My original thought was that parametric vs non-parametric statistics falls in a subcategory of inferential statistics, and that inferential statistics makes use of descriptive statistics. but some sources I read seem to say that you can have descriptive non-parametric stats.
Anyone can shed some light on this?
 A: The "parametric" part of "parametric statistics" refers to the fact that in parametric statistics you are assuming/inferring a (descriptive) statistic has a known distribution (e.g Normal distribution). For example, you may infer that the mean is normally distributed as the sample size increases. 
In non-parametric statistics, you are not making any assumptions about the distribution of the mean (or any other descriptive statistic). As an example, Chebyshev's inequality guarantees that no matter what the distribution, no more than 1/k^2 of the values can be greater than k standard deviations away from the mean.
The sticking point between parametric and non-parametric approaches is that you can do hypothesis testing quite easily if you go the parametric approach. The road is not as smooth if you go the non-parametric route. Which road you choose depends, in part, on how you view the validity of the Central Limit Theorem and convergence in general.
A: Here are some examples:
Descriptive Parametric: (I'm having trouble coming up with an example here. I guess the idea is that "descriptive" statistics, by nature, are non-parametric, hence they let us see the shape of the data prior to our making assumptions about it.)
Descriptive Non-Parametric: A histogram of the data.
Inferential Parametric: A first order ordinary least squares linear regression, which assumes a particular shape in the data (i.e. a linear fit) is an appropriate model.
Inferential Non-Parametric: Fitting the data using an ensemble of regression trees to develop a predictive model. The model does not make any assumptions about the shape of the data.
A: You can have any combination of nonparametric/parametric and descriptive/inferential.
In plain language:
Descriptive statistics describe a sample. 
Inferential statistics infer from a sample to a population.

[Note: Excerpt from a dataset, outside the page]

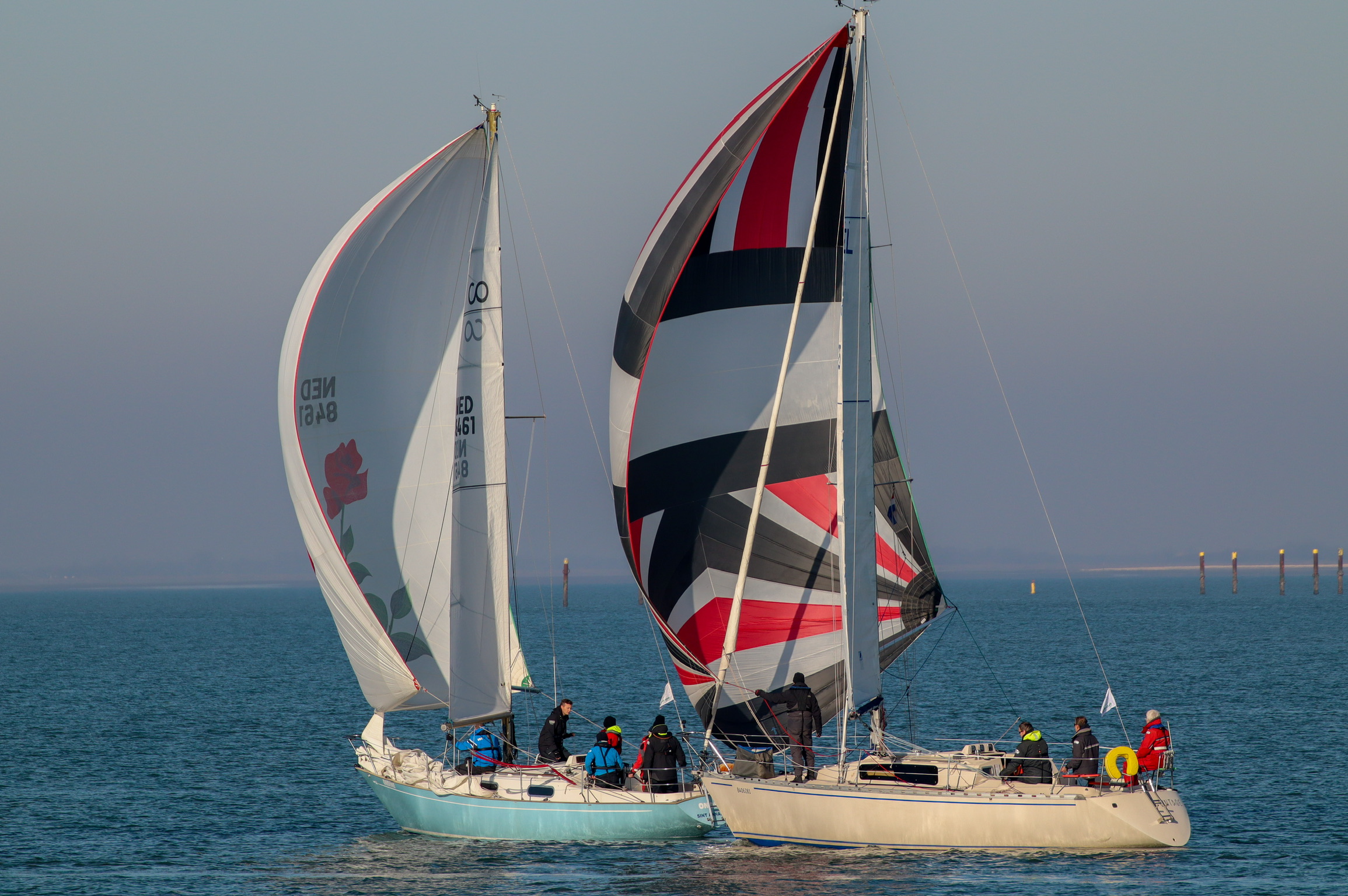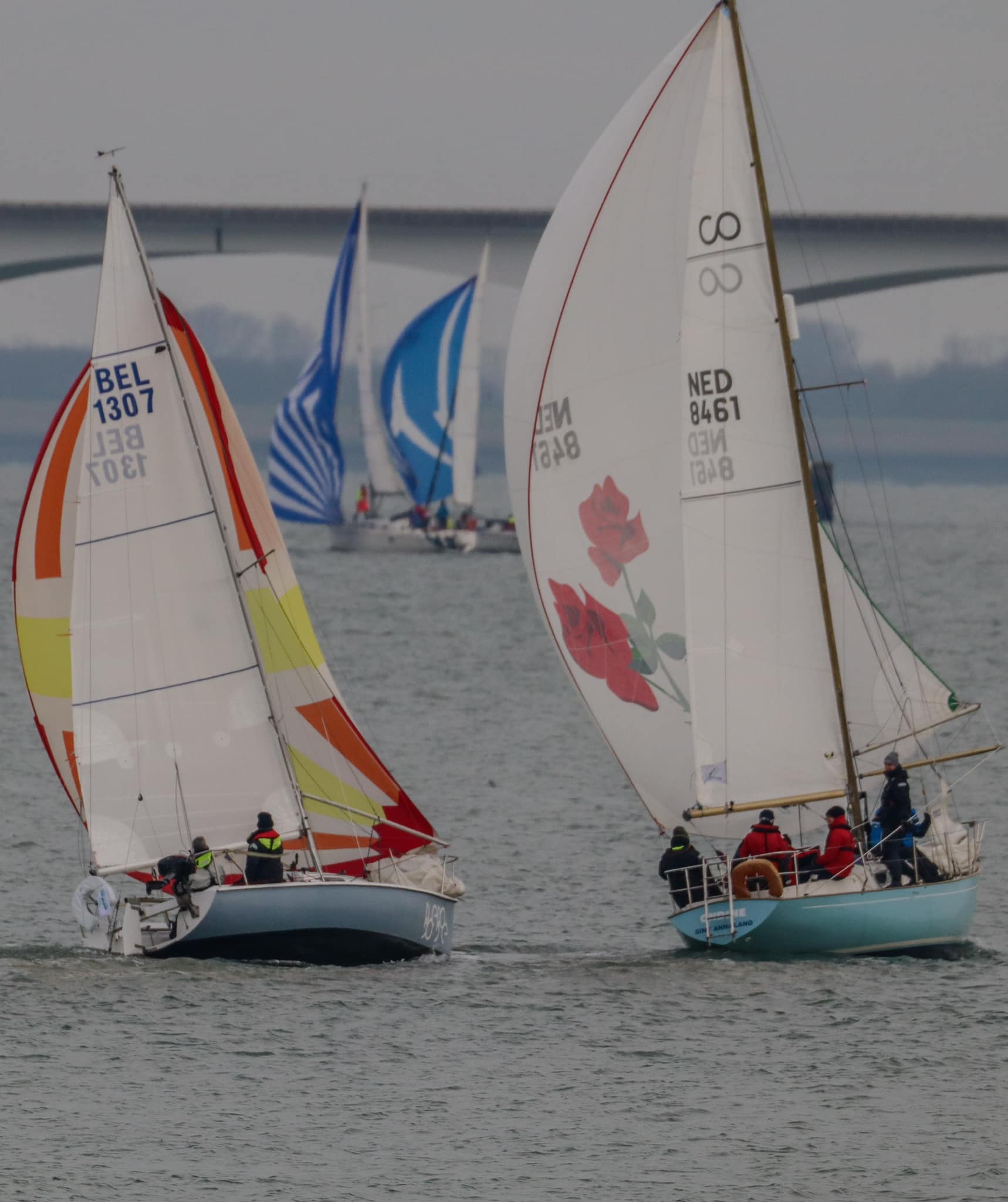 De Contessa 32 “Lecas” en de Contessa 26 “Bijou” . Voor wie niet bekend is met deze winterwedstrijden vooraf enige uitleg. Alhoewel er best fanatiek gezeild wordt is het toch bedoeld als gezelligheidswedstrijd. Er wordt, als het weer het maar enigszins toelaat, elke eerste zaterdag van de maand gevaren, van oktober t/m april . Één wedstrijd per dag. De start en finish zijn vóór Colijnsplaat (Oosterschelde) Er worden verschillende banen uitgezet voor de diverse klassen (ORC/IRC 1, ORC/IRC 2 en 2 klassen ongemeten) zodanig dat iedereen voor 16:30u terug in de haven kan zijn.

Nonparametric vs. parametric is trickier. See http://en.wikipedia.org/wiki/Non-parametric_statistics
B.S. Everitt, in Dictionary of Statistics, defines "parametric methods" as "procedures for testing hypotheses about parameters in a population described by a specified distributional form...." and contrast them with "distribution free methods". However, I think that if you estimated an OLS regression on a sample without making any inferences to a population, that would be a parametric descriptive statistic.